L'utilisation du cache L1 utilise également le cache L2 automatiquement. Le cache L1 est "mémoire uniquement", tandis que le cache L2 écrit les données sur le disque à synchroniser entre plusieurs caches L1. Le cache L2 assure la synchronisation de plusieurs processeurs de messages au sein d'une région et à l'échelle mondiale. Il n'est actuellement pas possible d'activer le cache L1 sans cache L2. Le cache L2 écrit les données sur le disque afin qu'elles puissent être synchronisées avec d'autres processeurs de messages de l'organisation du client. Des instructions détaillées sur l'utilisation du cache sont disponibles sur la page Ajouter la mise en cache et la persistance.

Piste d'audit

Les clients ont la possibilité de consulter la piste d'audit de toutes les activités d'administration effectuées dans leur organisation, y compris l'utilisation de Trace (conformité avec la loi HIPAA: processus de gestion de la sécurité - Examen de l'activité des systèmes d'information). Des instructions détaillées sont disponibles sur cette page et sur la page Utiliser l'outil Trace.

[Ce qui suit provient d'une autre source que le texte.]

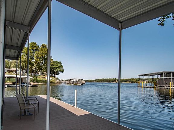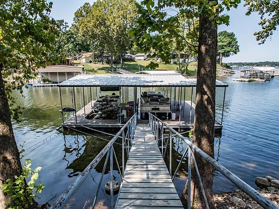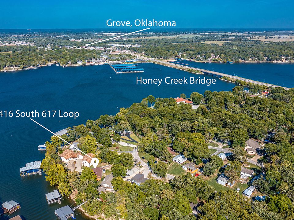 Lakefront cabin on Honey creek, super 2 slip boat dock, 28' slips, gentle lake access, seawall, level back yard to boat dock walkway. Great home for outdoor living, multi level concrete patio, lg wood deck, with super Grand Lake views of Honey Creek. Home was totally remodeled in 2001, beautiful teak floors set the stage for this open floor plan lake cabin. Huge living Dining combo room, New exotic granite counter tops & back splash in kitchen, master suite on lower level, spacious master bath with tile shower, 2 guest bedrooms on main level with full bath between.

Exigences relatives aux mots de passe complexes ou SAML

Pour les clients HIPAA, les mots de passe utilisateur sont configurés de façon à répondre à des exigences avancées telles que la longueur, la complexité et la durée de vie. (Conformité avec la loi HIPAA: gestion des mots de passe de sécurité)

Edge propose également l'authentification multifacteur, décrite dans Activer l'authentification à deux facteurs pour votre compte Apigee, et SAML, décrit dans Activer l'authentification SAML pour Edge, en tant qu'alternatives pour les contrôles d'authentification.

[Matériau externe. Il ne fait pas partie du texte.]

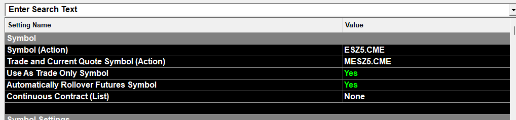 You can do this by using this setting in the ES chart: Chart Settings: Trade and Current Quote Symbol (text box) (Chart >> Chart Settings >> Symbol >> Symbol menu) Set to the MES symbol. The Trade Window for that chart will be for MES. Sierra Chart Support - Engineering Level Your definitive source for support. Other responses are from users. Try to keep your questions brief and to the point. Be aware of support policy: https://www.sierrachart.com/index.php?l=PostingInformation.php#GeneralInformation For the most reliable, advanced, and zero cost futures order routing, use the Teton service: Sierra Chart Teton Futures Order Routing Date Time Of Last Edit: 2025-11-17 15:59:19
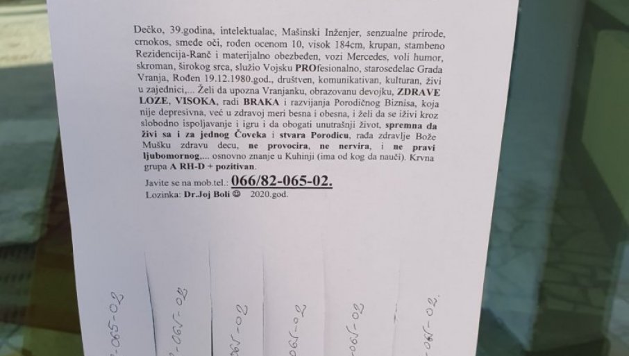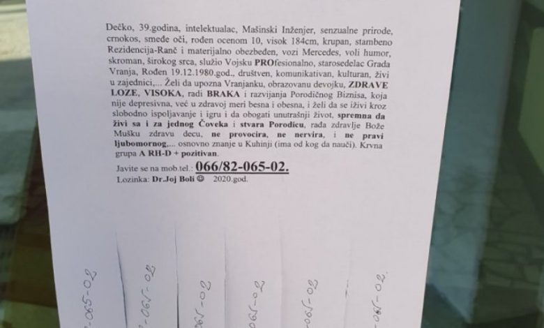 Gotovo sva odjeljenja vranjskog Zdravstvenog centra osvanula su oblijepljena listićima na kojima je odštampan oglas u najmanju ruku neobičnog sadržaja, koji je nasmijao i oraspoložio sve koji su ga vidjeli, a po svemu sudeći neke i zainteresovao, pa su se poslužili papirićima na kojima je odštampan broj telefona, čovjeka koji traži ženu pod šifrom „JOJ BOLI“, pišu Novosti.
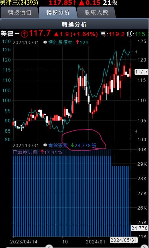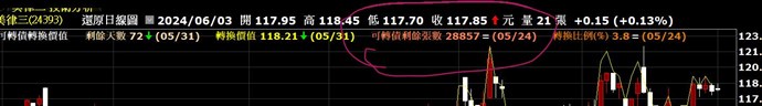 目前時間是6/3 9:49, 我用指標去抓CB剩餘張數, 以24393為例是28857張(這是上周的資料)

Sécurité des points de terminaison

Analyse des points de terminaison

Les clients Edge Cloud sont responsables de l'analyse et du test des points de terminaison de leurs API (parfois appelés "composants d'exécution") dans Edge ( conformité avec la loi HIPAA: sécurité – processus de gestion de la sécurité). Les tests client doivent couvrir les services proxy d'API réels hébergés sur Edge où le trafic des API est envoyé vers Edge avant d'être traité, puis livré au centre de données client. Les tests des ressources partagées, telles que l'interface utilisateur du portail de gestion, ne sont pas approuvés pour les clients individuels (un rapport tiers couvrant les tests des services partagés est disponible sur demande et dans le cadre d'un accord de non-divulgation).

Le test des points de terminaison d'API par les clients est vivement conseillé. Votre contrat avec Apigee n'interdit pas le test des points de terminaison de vos API, mais vous demande de ne pas tester l'interface utilisateur de gestion partagée. Toutefois, si des précisions supplémentaires sont nécessaires, veuillez envoyer une demande d'assistance faisant référence aux tests que vous avez prévus. Nous vous remercions d'en informer Apigee à l'avance afin que nous puissions disposer d'informations sur le trafic de test.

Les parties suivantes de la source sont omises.